Do Me a Favor
Page 6
His hands curl into fists. For several beats, his muscles are so visibly taut, I think he’s going to pick up the table and throw it across the room. In degrees, he relaxes, though when he speaks to me again, his voice is a rasp. “I will not touch you right away.”
“That’s not good enough.”
“If you knew the effort it is taking me not to fuck you on all fours right now, it would be good enough, little girl.”
I react as if I’ve been slapped.
Not because I’m offended, but because the imagery is crude and base…and it causes heat to tumble around in my middle. That warmth travels down, down, until the sheer panel I’m using to cover my womanhood feels embarrassingly flimsy. Can he see the moisture beginning to coat my folds? Why am I reacting this way to a violent man?
“Fine,” I whisper. “Not right away.”
Because what choice do I have? I’ve already established I can’t make it out the door without being stopped and potentially making him madder.

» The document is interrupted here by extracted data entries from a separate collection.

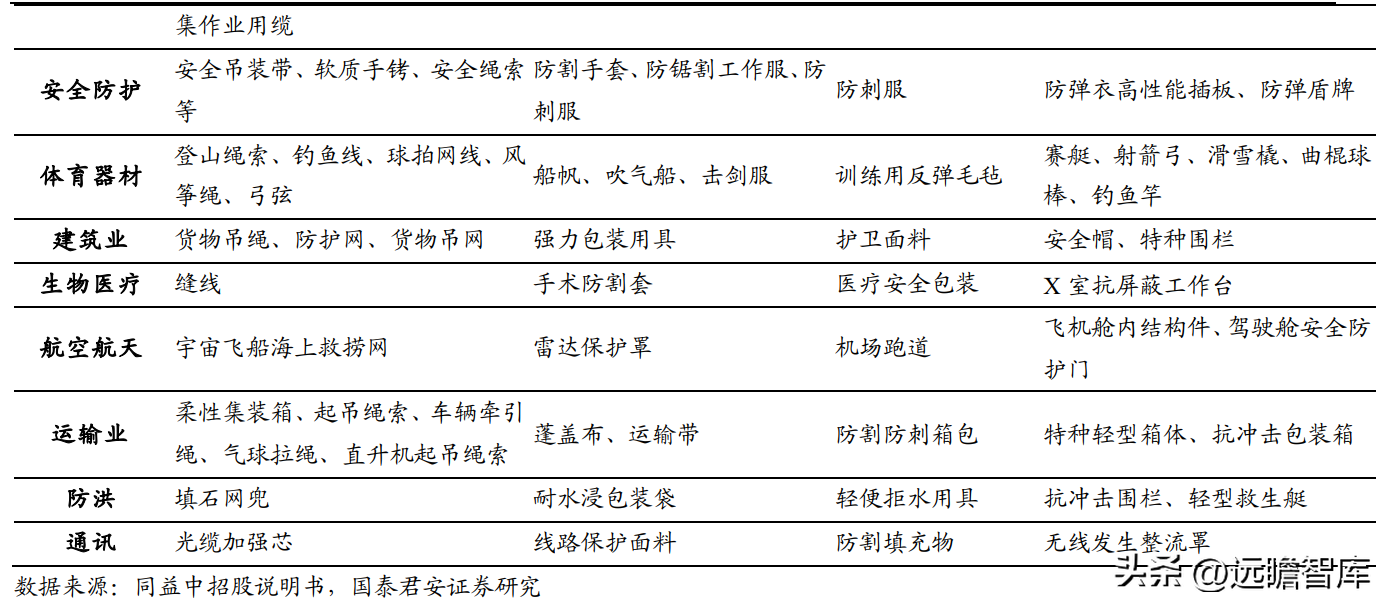 UHMWPE 纖維性能優(yōu)越,下游應(yīng)用場景廣泛。UHMWPE 纖維,即超高分子量聚乙烯纖維,指分子量在 100-500 萬的聚乙烯所制成的纖維,與碳纖維、芳綸纖維合稱為“三大高性能纖維”,是目前世界上比強度和比模量高的纖維,既可應(yīng)用于安防手套、體育器材等民用領(lǐng)域,也可廣泛應(yīng)用于軍工裝備、航空航天等軍用領(lǐng)域。
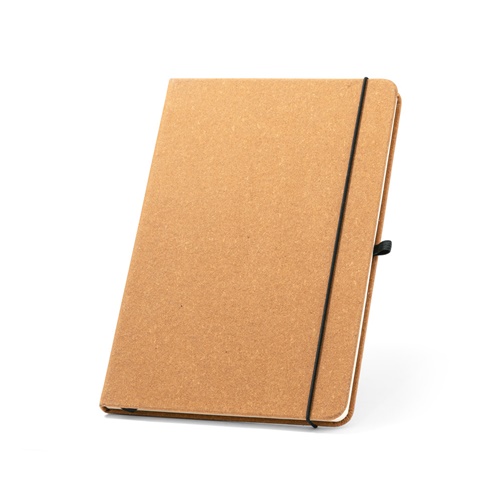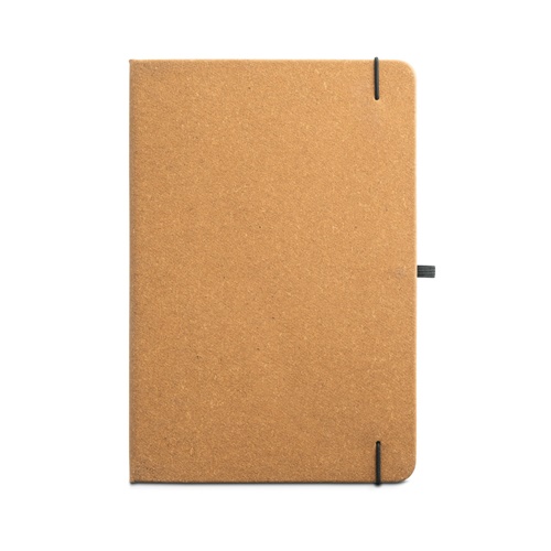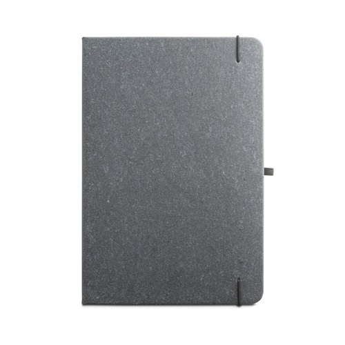 A5 notebook with rigid cover in recycled leather (70%) with 192 lined ivory pages from (70 g/m²) a sustainable forest management. Pen holder (pen not included), black elastic band and bookmark ribbon. Contains interior pocket. Supplied separately with black cardboard envelope. 140 x 210 mm
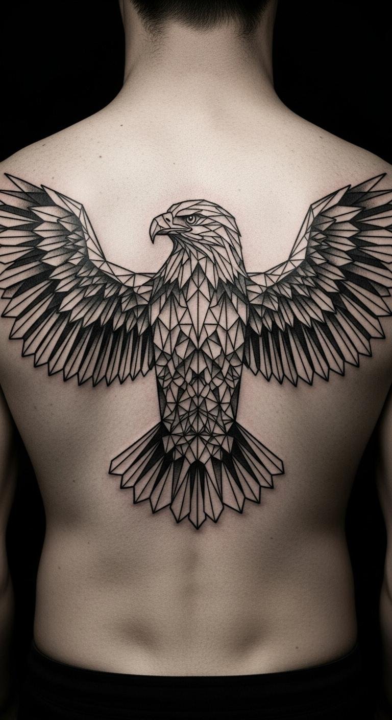 A geometric eagle tattoo mixes shapes for a cool update. Put it on your back for a large canvas. Use a ruler and paper to draw triangles and lines at home. Look for free geometric guides online. Stick to basic ink for affordability. After, protect with old shirts. Add angled wings to make it stand out. People pick this for its modern twist. Try phone filters to preview on your body. Select spots that allow movement. This idea appeals to those who like clean designs. Practice on notebook paper for accuracy. Simple tools make it approachable and fun.
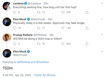 The Starship prototype is expected to hop 150 meters, or nearly 500 feet, into the air. That may represent one small hop for SN4, but it could represent one giant leap for the Starship line.Elon Musk✔@elonmusk

On unsteady legs, I cross the room and sit down in the chair he indicates, our eyes meeting over my shoulder, his hands gripping the chair back so tight, the piece of furniture must be on the verge of snapping.
“I’m not used to holding back my impulses, Posy,” he says thickly, leaning down to inhale just above the curve of my neck. “But you make me want to learn.”
My throat is flexing too dramatically to speak. “Sit down and start talking.”
Until he begins to circle the table, I don’t realize how my seated position makes it even harder to hide my flesh. When I cross my legs, my sex is visible from below. When I uncross them and cover myself with the tutu, the position looks indecent, legs spread, hand cupping the juncture of my thighs. He pulls a chair over and sits down directly in front of me, watching me fight with indecision, his attention hot on my core, the stiffness jutting up behind his fly. He manspreads, unabashed by his aroused state, jaw flexing.
I have no choice but to cross my legs and allow a peek at my private flesh. “A gentleman would offer me something to cover myself.”
“I am not a gentleman.” The sound of his heavy breathing fills the room. “You make me want to learn that, too. But a hundred years of lessons couldn’t make me polite around that perfect little cunt of yours. Would be a waste of time.”
It’s a challenge to remain still when I have the sudden need to squeeze my legs together. To run my palms up and over my sensitive breasts. But the moves would be too telling and I sense he would be dragging me back to the mattress in seconds if I let on that I’m…that he…arouses me against my will. “Tell me why you hate women,” I whisper.
“They lie. You all lie.”
“Men and woman lie an equal amount.”
“No.” He shakes his head. “I never lie.”
“Then you’re an exception to the rule.”
He leans forward, those light blue eyes laser focused. “Do you lie?”
My gut reaction is to say no, because I want to take away his false perception of women, but he would know. He’d see through me. And I find I want to be one hundred percent honest with this man. I want to be an exception to the rule for him, too. “I have told lies. Small ones. Mostly to your brother.”
His right eye ticks. “I no longer wish for you to spend time with my brother.”
“That’s going to be difficult, since he’s my ballet coach.”
Smith’s fist slams down onto the table. For a moment, he seethes—and then he lunges to his feet, flipping the table over entirely. “What lies do you tell him?” he shouts.
“How did this conversation become about me?”
“What lies, Posy?”
“Mostly about what I eat,” I blurt. “Ballerinas, especially principal dancers, need to maintain a certain appearance. I’m not sure who decided that was true, but managers and chorographers are very unforgiving about anything they decide is an imperfection. But I love chicken sandwiches from Wendy’s.” How ridiculous that my face should be piping hot right now. “So, um…yes, I lie sometimes and claim I’ve had a spinach salad for dinner, when I really had a crispy chicken combo meal. Sue me, you know?”
Smith is very silent. Frowning at me thoughtfully beneath a knit brow.
“I lied once about having my period, so I could get out of rehearsal. I…just couldn’t go.”
“Why not?”
“One of the other dancers…I guess you could call her my rival. Baker overheard her talking badly about me and I just…” Heat presses in behind my eyes. “I guess I just needed a little break. So I lied. I lied and climbed out my window and went for a walk. All day.”